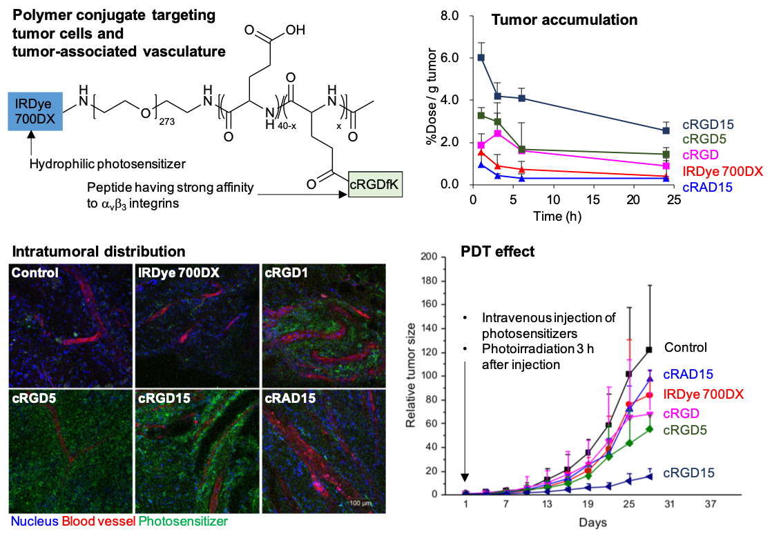 腫瘍選択性をさらに高めるには、積極的に腫瘍と相互作用する分子を設計することが重要です。また、PDTの原理を有効活用するには、腫瘍細胞だけでなく腫瘍関連血管も同時に標的とすることが有用であると我々は考えました。そこで我々は、腫瘍関連血管と多くの腫瘍細胞で過剰発現が報告されているαvβ3インテグリンを標的とした高分子コンジュゲートを開発しました(図4)(3)。具体的にこの高分子コンジュゲートは、poly(ethylene glycol)-poly(L-glutamic acid)という生体適合性高分子の側鎖に、αvβ3インテグリンに対して強いアフィニティを持つ環状RGDペプチドが複数導入され、末端に親水性の光増感剤IRDye 700DXが結合した構造を持ちます。本高分子コンジュゲートはαvβ3インテグリン過剰発現細胞に選択的に効率よく取り込まれました。また、マウス皮下腫瘍モデルに対して静脈注射を行うと、正常組織にはほとんど集積せず、極めて腫瘍選択的に集積しました。そして、高分子に結合する環状RGDペプチドの数を増やすほど、腫瘍に長期的に滞留し、腫瘍血管に対して集積しやすくなるという性質が見られ、さらにはPDT効果が飛躍的に上昇しました。この研究から、腫瘍細胞と腫瘍関連血管の両方を標的とすることはPDTにおいて有用であることが示唆されました。
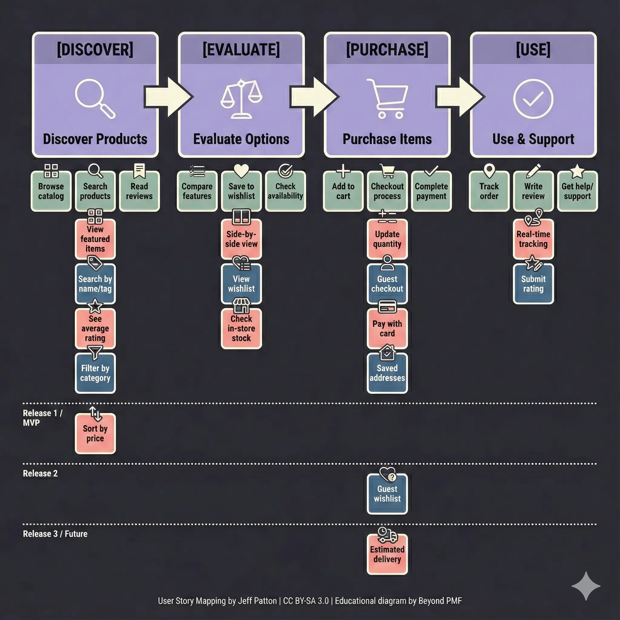 Define the goal: Identify the main objective of the product or feature. | Create a backbone: List the main tasks or activities users will perform. | Map user stories: Break down the main tasks into smaller, actionable user stories. | Prioritize stories: Arrange user stories by their importance and dependencies. | Slice out releases: Organize stories into releases based on priority and logical grouping.
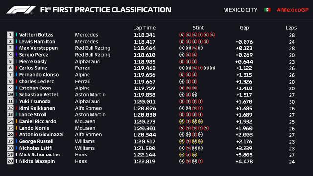 最终,一练停表!博塔斯以1:18.341排名一练第一,汉密尔顿落后0.076秒排名第二,维斯塔潘落后0.123秒排名第三。主场车手佩雷兹排名第四,加斯利排名第五。排名六至十位的车手分别是塞恩斯、阿隆索、勒克莱尔、奥康、维特尔。
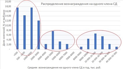Средний размер вознаграждения на весь совет директоров в год составляет 0,3% (минимальный 0,001%, максимальный 7,3%) от годовой выручки компании.
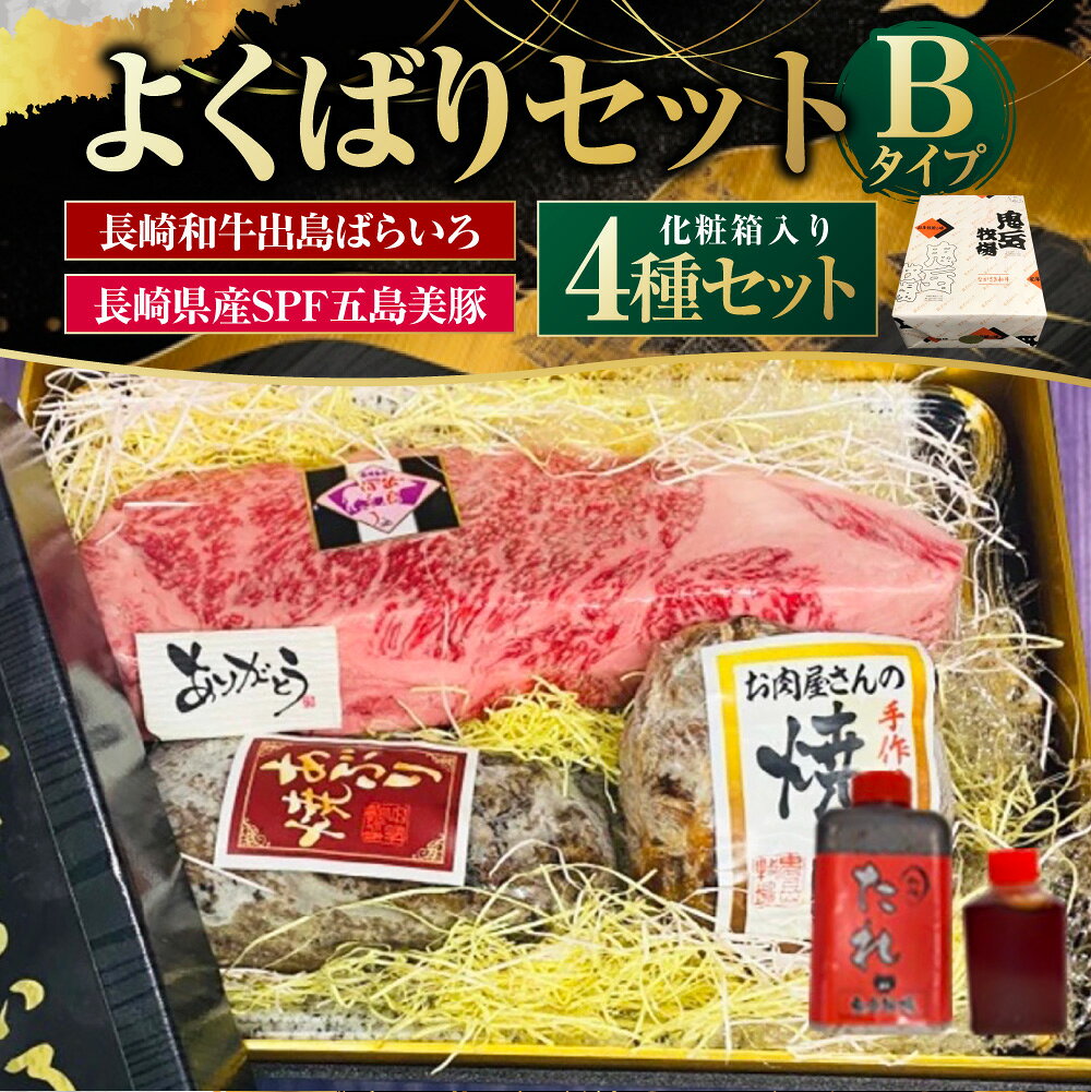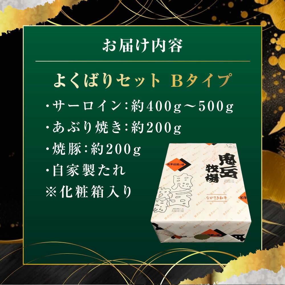 - 【ふるさと納税】よくばりセットBタイプ【長崎和牛出島ばらいろ・長崎県産SPF五島美豚】 サーロイン あぶり焼き 焼豚 チャーシュー 牛肉 豚肉 お肉 霜降り 自家製たれ タレ 惣菜 冷凍 長崎県産 国産 長崎県 長崎市 送料無料
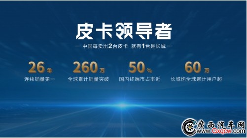 作為皮卡領導者,長城皮卡已連續(xù)26年銷量第一,全球累計銷量突破260萬輛。國內終端市占率近50%,中國每賣出兩臺皮卡,就有一臺是長城。長城炮誕生5年,全球累計用戶突破60萬,累計47個月銷量過萬,蟬聯(lián)中國皮卡銷量冠軍,創(chuàng)造了“長城炮速度”,讓皮卡走進千家萬戶,成為真正的國民車。
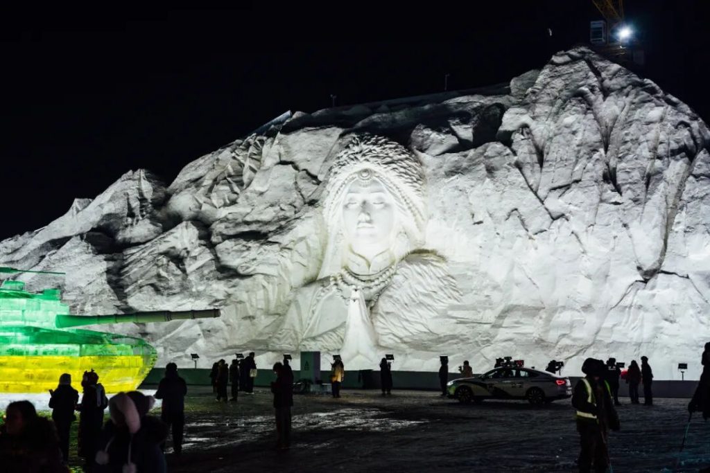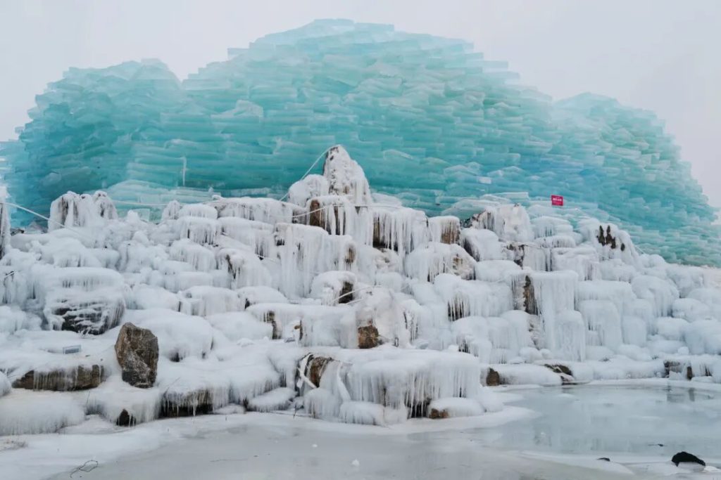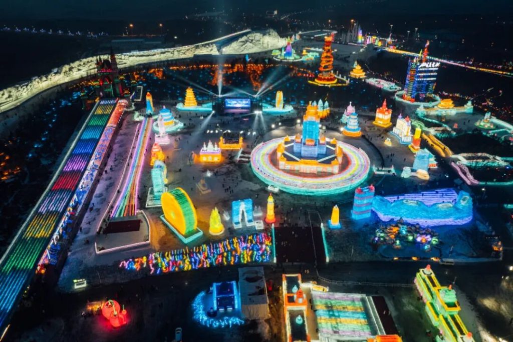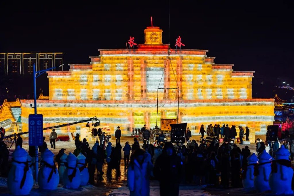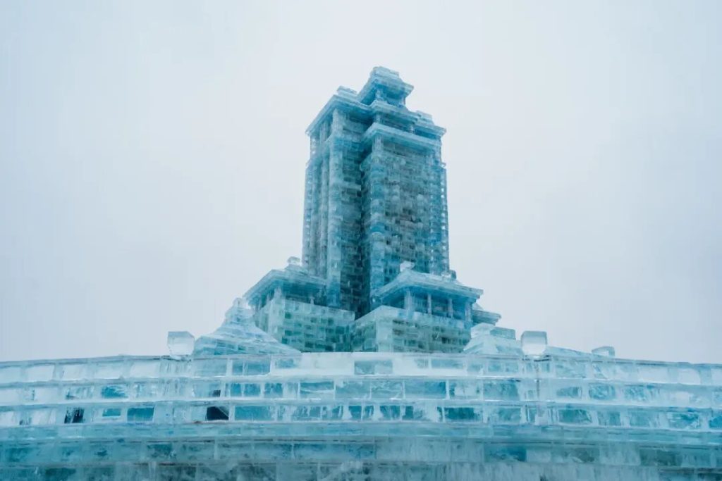 被眾多冰雕圍住的正是今年的主塔——福耀中華,巍峨矗立在整個園區中心,由冰磚層層疊疊向上延伸。

**Activity:**
Using the listing above, reproduce word for word every line from the one containing "最终,一练停表!博塔斯以1:18.341" through the one containing "Средний размер вознаграждения". Pictures must be left out.

**Response for this exercise:**
 最终,一练停表!博塔斯以1:18.341排名一练第一,汉密尔顿落后0.076秒排名第二,维斯塔潘落后0.123秒排名第三。主场车手佩雷兹排名第四,加斯利排名第五。排名六至十位的车手分别是塞恩斯、阿隆索、勒克莱尔、奥康、维特尔。
Средний размер вознаграждения на весь совет директоров в год составляет 0,3% (минимальный 0,001%, максимальный 7,3%) от годовой выручки компании.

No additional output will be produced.